Well, physics are a problem.. The SRAM to store the MSI vectors costs
die space and making the chip die larger is not an option. So the
question is what do you throw out of the chip to get a 10-20x increase
in MSI SRAM?

This is why using host memory is so appealing. It is
economically/functionally better.

I'm going to guess other HW is in the same situation, virtualization
is really pushing up the number of required IRQs.

> >> How is that supposed to work if interrupt remapping is disabled?
> >
> > The best we can do is issue a command to the device and spin/sleep
> > until completion. The device will serialize everything internally.
> >
> > If the device has died the driver has code to detect and trigger a
> > PCI function reset which will definitely stop the interrupt.
> 
> If that interrupt is gone into storm mode for some reason then this will
> render your machine unusable before you can do that.

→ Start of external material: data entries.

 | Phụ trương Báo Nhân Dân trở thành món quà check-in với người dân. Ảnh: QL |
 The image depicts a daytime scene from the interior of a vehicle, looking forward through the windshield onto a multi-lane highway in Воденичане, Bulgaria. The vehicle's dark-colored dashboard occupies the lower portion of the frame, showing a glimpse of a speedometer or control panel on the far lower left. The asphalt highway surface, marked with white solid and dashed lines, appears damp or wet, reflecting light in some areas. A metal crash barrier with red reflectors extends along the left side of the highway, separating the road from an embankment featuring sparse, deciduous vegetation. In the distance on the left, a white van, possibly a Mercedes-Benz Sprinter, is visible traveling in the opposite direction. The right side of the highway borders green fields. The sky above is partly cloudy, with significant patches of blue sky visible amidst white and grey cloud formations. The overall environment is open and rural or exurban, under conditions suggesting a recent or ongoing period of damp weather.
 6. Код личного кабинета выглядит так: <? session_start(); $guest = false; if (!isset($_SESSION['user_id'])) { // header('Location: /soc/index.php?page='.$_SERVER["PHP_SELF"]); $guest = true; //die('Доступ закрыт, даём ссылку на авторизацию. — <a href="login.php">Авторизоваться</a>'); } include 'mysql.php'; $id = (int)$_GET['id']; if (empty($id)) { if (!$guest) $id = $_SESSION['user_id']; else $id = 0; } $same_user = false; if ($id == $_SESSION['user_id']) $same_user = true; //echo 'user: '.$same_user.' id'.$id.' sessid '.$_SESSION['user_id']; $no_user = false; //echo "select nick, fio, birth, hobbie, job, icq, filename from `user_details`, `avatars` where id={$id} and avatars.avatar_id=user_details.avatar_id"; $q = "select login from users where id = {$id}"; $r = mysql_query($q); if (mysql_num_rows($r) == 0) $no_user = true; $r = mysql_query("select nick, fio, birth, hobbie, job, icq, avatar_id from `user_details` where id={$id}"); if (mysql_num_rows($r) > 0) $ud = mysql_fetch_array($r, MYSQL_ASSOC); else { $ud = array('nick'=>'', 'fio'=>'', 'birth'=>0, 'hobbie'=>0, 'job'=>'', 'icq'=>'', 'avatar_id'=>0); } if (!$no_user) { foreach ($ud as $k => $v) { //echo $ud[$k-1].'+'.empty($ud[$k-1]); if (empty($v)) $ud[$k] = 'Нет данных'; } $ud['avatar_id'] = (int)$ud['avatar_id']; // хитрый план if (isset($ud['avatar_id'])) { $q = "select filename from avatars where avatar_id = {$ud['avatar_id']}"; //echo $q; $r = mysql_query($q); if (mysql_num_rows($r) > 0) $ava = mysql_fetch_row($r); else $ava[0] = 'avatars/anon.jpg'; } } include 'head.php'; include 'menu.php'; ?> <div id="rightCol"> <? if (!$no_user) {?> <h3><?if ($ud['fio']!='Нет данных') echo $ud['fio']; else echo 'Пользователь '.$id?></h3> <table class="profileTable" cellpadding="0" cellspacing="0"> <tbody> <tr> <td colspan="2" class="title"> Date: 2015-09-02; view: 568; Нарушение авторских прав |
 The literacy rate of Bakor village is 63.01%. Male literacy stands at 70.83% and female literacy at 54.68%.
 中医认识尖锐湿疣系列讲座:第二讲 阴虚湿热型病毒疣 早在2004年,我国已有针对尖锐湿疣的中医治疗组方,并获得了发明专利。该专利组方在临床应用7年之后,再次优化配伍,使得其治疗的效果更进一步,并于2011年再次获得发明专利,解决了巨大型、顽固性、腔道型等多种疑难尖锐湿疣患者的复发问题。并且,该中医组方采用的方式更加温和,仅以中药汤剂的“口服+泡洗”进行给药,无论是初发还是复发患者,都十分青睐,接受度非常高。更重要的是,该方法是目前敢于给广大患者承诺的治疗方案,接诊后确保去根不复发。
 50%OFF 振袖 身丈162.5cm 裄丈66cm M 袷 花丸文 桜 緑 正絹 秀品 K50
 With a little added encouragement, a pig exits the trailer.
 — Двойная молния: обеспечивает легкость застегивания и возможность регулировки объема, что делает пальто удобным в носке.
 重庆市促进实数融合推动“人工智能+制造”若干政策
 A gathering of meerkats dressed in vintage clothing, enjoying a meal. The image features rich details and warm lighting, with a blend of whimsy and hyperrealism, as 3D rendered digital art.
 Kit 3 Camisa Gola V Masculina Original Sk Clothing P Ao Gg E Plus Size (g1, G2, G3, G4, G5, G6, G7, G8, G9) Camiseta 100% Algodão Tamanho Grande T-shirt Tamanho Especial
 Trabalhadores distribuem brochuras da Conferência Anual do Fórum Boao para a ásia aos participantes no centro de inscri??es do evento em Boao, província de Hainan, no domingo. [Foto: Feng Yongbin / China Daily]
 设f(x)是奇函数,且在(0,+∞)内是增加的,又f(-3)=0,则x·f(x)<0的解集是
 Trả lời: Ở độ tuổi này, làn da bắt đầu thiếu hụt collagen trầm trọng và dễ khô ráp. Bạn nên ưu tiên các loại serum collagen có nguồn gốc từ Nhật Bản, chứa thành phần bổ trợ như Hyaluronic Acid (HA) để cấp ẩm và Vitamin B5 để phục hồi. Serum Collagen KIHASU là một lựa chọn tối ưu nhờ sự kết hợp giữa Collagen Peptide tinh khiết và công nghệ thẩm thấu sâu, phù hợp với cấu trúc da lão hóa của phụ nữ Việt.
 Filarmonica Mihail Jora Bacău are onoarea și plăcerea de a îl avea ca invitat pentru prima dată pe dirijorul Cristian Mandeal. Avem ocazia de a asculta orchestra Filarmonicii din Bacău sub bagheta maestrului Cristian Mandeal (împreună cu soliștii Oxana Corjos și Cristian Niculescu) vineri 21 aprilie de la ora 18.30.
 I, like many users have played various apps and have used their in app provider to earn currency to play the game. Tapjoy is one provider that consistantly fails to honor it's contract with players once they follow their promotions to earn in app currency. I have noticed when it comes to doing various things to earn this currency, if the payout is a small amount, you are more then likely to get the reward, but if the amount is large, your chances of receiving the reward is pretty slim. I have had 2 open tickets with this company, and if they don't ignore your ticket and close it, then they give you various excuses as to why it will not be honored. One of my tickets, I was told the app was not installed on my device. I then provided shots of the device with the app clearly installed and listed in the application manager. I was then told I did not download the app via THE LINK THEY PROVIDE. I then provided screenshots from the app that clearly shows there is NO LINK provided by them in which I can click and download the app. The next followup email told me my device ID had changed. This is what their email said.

Yes, but in general the HW design is to have one-shot interrupts, it
would have to be well off the rails to storm. The kind of off the
rails where it could also be doing crazy stuff on PCI-E that would be
very harmful.

> > So, the implementation of these functions would be to push any change
> > onto a command queue, trigger the device to DMA the command, spin/sleep
> > until the device returns a response and then continue on. If the
> > device doesn't return a response in a time window then trigger a WQ to
> > do a full device reset.
> 
> I really don't want to do that with the irq descriptor lock held or in
> case of affinity from the interrupt handler as we have to do with PCI
> MSI/MSI-X due to the horrors of the X86 interrupt delivery trainwreck.
> Also you cannot call into command queue code from interrupt disabled and
> interrupt descriptor lock held sections. You can try, but lockdep will
> yell at you immediately.

Yes, I wouldn't want to do this from an IRQ.

> One question is whether the device can see partial updates to that
> memory due to the async 'swap' of context from the device CPU.

It is worse than just partial updates.. The device operation is much
more like you'd imagine a CPU cache. There could be copies of the RAM
in the device for long periods of time, dirty data in the device that
will flush back to CPU RAM overwriting CPU changes, etc.

Without involving the device there is just no way to create data
consistency, and no way to change the data from the CPU. 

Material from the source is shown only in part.